He was paid by a stranger walking through an airport who handed him a paper bag full of foreign currency. Sometimes it was in British pounds, sometimes in Japanese yen, but always a preferred currency. He would have bet on the denomination from week to week, but he had no one with whom to bet.
There was no real record of his existence. There was no personnel file at Langley. At most, there was a letter someplace rejecting his application to the CIA and thanking him for his interest. But even this probably didn’t exist. In fact, he had never been to Langley. He had not been trained on the farm (actually there are several farms), but overseas by private contractors, former British SAS, whose names he didn’t know and who didn’t know his. In a few cases, he lived with them while they trained him. When he moved on, so did they.
His first mission was to crawl through a tunnel into East Berlin and bring out an “asset” the U.S. wanted. On the West Berlin side he met Germans he didn’t know, whom he had to trust with his life to take him over to the other side. They were German nationals working for the U.S., part of an intelligence network reconstructed after the evisceration of the CIA by another political media star, Senator Frank Church. The senator wanted to be president, and chairing a committee parading the nation’s intelligence secrets day after day before the world’s cameras was to be his ticket to the White House.
Intelligence networks built up over decades collapsed as operatives feared that in America’s eagerness to do what no nation state had ever done — expose its deepest secrets to the world — they too would be exposed. Some piece of paper with their names on it would be waved before the world’s media in order to advance someone’s political agenda, even as two KGB officers dutifully and quietly sat at the back of the hearing room. One can only imagine what thoughts ran through their minds.

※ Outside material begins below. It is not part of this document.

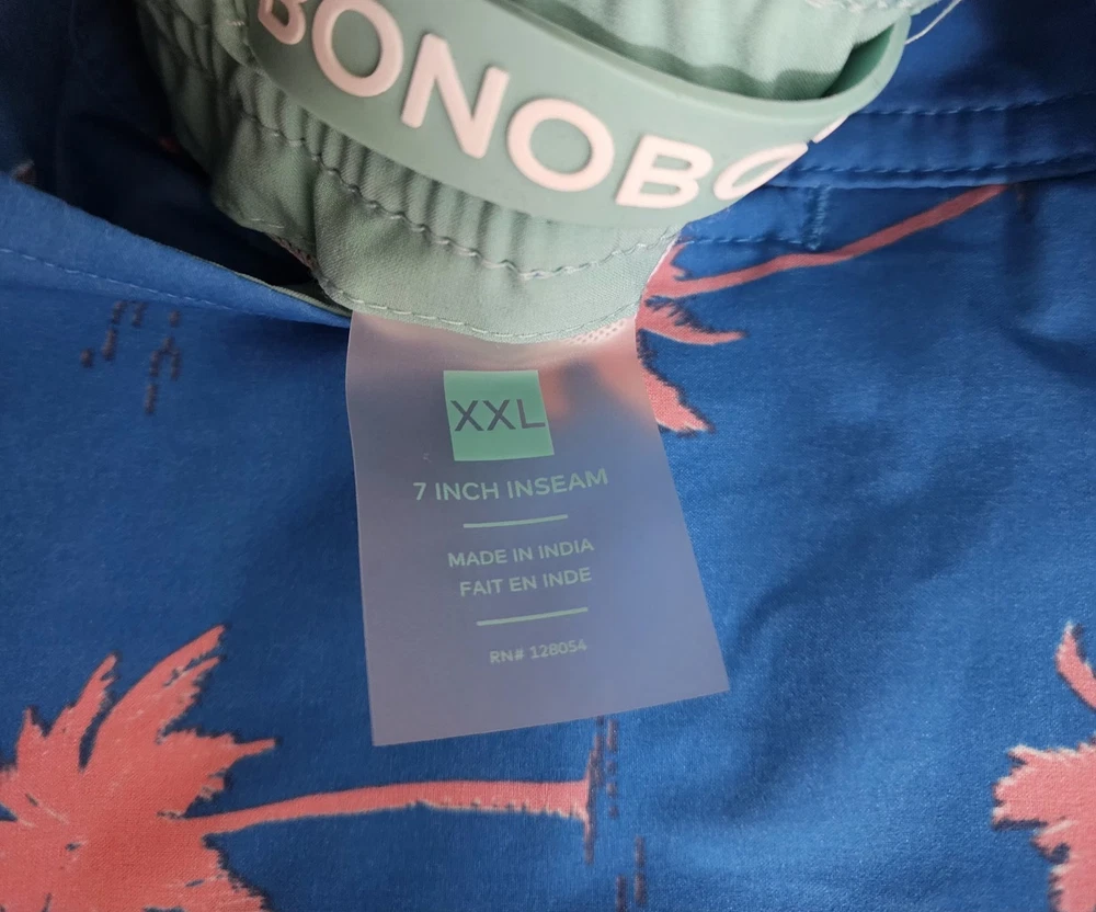 BONOBOS Swim Trunks – Men’s XXL – Blue with Pink Palm Trees Make a statement at the beach or pool with these stylish BONOBOS men’s swim trunks in size XXL. Featuring a vibrant blue background with bold pink palm tree graphics, these shorts deliver a fun tropical look perfect for warm-weather days. Designed for both comfort and performance, they include a soft interior mesh lining and an elastic waistband for a secure, flexible fit. These swim trunks are equipped with convenient pockets, making them practical for everyday wear as well as swimwear. Lightweight and quick-drying, they’re ideal for swimming, vacations, or casual summer outings. Features: Brand: BONOBOS Size: Men’s XXL Color: Blue with pink palm tree print Built-in mesh lining Comfortable elastic waistband Functional side pockets Lightweight, quick-dry material Great for beach, pool, or resort wear Add a pop of tropical style to your summer wardrobe with these eye-catching BONOBOS swim shorts!

My friend came back safely from East Berlin and subsequently parachuted behind enemy lines in the Balkans to fight a war that America was “never involved” in but had perceived interests in.

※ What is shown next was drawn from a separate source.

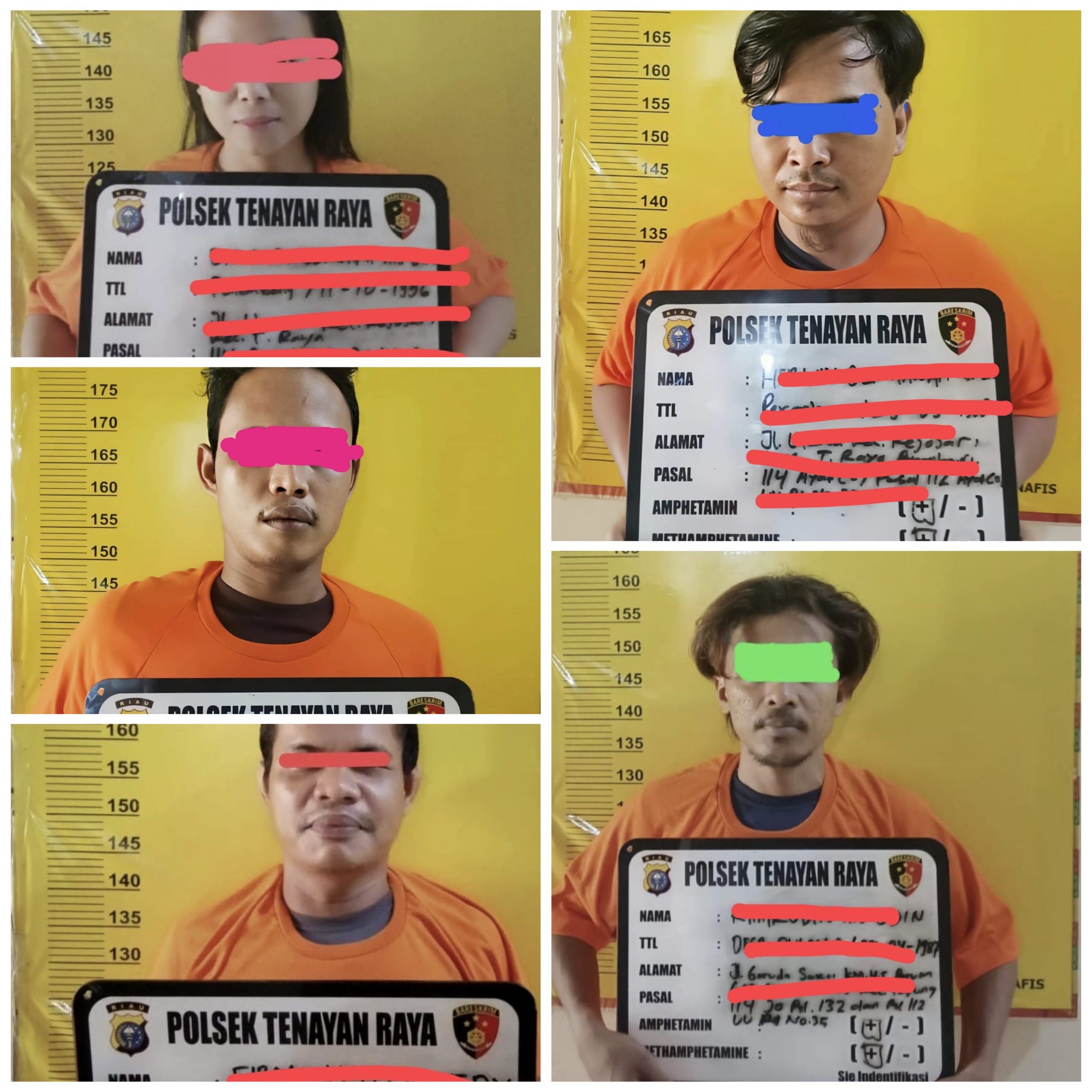 Kelima TSK diciduk jajaran Polsek Tenayan Raya dengan barang bukti yang memberatkan. Penangkapan dimulai dari DPO an.FE pada Selasa (22/2/2022) pukul 18.00 WIB di Hotel Grand Palance Jalan Kuantan Raya, Kelurahan Limapuluh. Dari tsk FE ini, diamankan satu unit handphone merk Nokia (warna hitam) dan dua bungkus plastik bening yang diduga narkotika jenis sabu dengan berat kotor 1 gram. Barang ini disita dalam berkas perkara tersangka atas nama MN.

Like a number of denizens of the netherworld where America’s secret wars are waged, my friend could not have been roused to sit in the audience at Langley and applaud President Obama’s rationale for releasing the secret memorandum on what is being called “torture.” My friend would have left others to determine what is and isn’t torture and what should be the new administration’s appropriate policy prescriptions. His anger would be directed at the public disclosure of intelligence that ultimately would have put him in harm’s way because the foreign nationals we need to work for us would have scurried into oblivion. Once again, vital networks would have imploded, and once again the process of recruiting new networks would be more arduous and ultimately comprised of lesser stuff. All of this would have been inconsequential to the secretaries, administrators, and analysts who formed the compliant audience that applauded President Obama at the CIA. My friend would have thought about what a foreign national working for us would think of his own security if he could turn on the television and watch the Obama administration threaten to throw Condoleezza Rice to the jackals.

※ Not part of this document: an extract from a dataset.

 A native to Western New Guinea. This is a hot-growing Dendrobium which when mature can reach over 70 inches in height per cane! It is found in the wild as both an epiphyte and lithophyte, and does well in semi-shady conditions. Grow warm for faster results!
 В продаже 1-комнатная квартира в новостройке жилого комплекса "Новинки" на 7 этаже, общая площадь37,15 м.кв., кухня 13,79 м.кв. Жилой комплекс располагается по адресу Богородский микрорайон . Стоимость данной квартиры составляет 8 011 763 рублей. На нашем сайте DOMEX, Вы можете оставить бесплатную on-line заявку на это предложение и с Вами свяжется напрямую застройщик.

Maybe my friend would look at his leg that never healed properly after he was caught and beaten by police in a foreign country for being where he shouldn’t have been. He never admitted that he was spying or even that he was an American, and despite the beating, he talked his way out of a dangerous situation. His injury disqualified him for field work, and he was not the type to sit at a desk and push paper. Last I saw him, he was thinking about exchanging some of those preferred currencies and going into business. No doubt, he watched Obama’s CIA press conference and thought he was seeing a rerun of the Church Committee. He probably thought that beating years ago was a blessing in disguise.